MANILA, Philippines—If you’re not paying for the project, don’t grab credit for it.
This, in essence, is the message Sen. Miriam Defensor-Santiago is trying to convey through Senate Bill No. 1967, which is now undergoing committee deliberations.
Santiago, now busy campaigning for a seat on the International Criminal Court, argued that public officials have no business claiming credit for projects funded by taxpayers’ money.
“It is a prevalent practice among public officers, whether elected or appointed, to append their names on public works projects which were either funded or facilitated through their office,” she said in the bill’s explanatory note. “This is unnecessary and highly unethical.”
Santiago’s bill slaps a jail term of between six months and one year on any public official who would put or have his name or image affixed on a “signage announcing a proposed or ongoing public works project.”

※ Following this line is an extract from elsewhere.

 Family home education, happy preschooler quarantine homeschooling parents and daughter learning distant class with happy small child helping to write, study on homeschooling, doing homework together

The prohibition would also cover “maintenance, rehabilitation, and construction” projects with sign boards crediting a particular public official for them.
The bill allows only the name, image or logo of an agency, department or local government handling or implementing a particular project.

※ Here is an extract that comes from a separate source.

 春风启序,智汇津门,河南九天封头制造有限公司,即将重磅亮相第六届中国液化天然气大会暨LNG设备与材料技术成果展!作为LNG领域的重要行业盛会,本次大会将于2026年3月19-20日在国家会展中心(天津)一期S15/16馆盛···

Santiago argued that the practice of public officials claiming credit for a project “promotes a culture of political patronage and corruption.”
She said such a system also “diminishes the importance that the public needs to place on supporting government officials, not because of their popularity, but because of their essential role in policy determination, whether on the local or national level.”
“Secondly, it diminishes the concept of continuity in good governance in the mind of the public,” she said.
If the bill eventually becomes a law, the Department of Public Works and Highways, in coordination with the Department of Interior and Local Government and the Metropolitan Manila Development Authority, would have three months from the effectivity of the measure to remove “all existing signage” violating its provisions.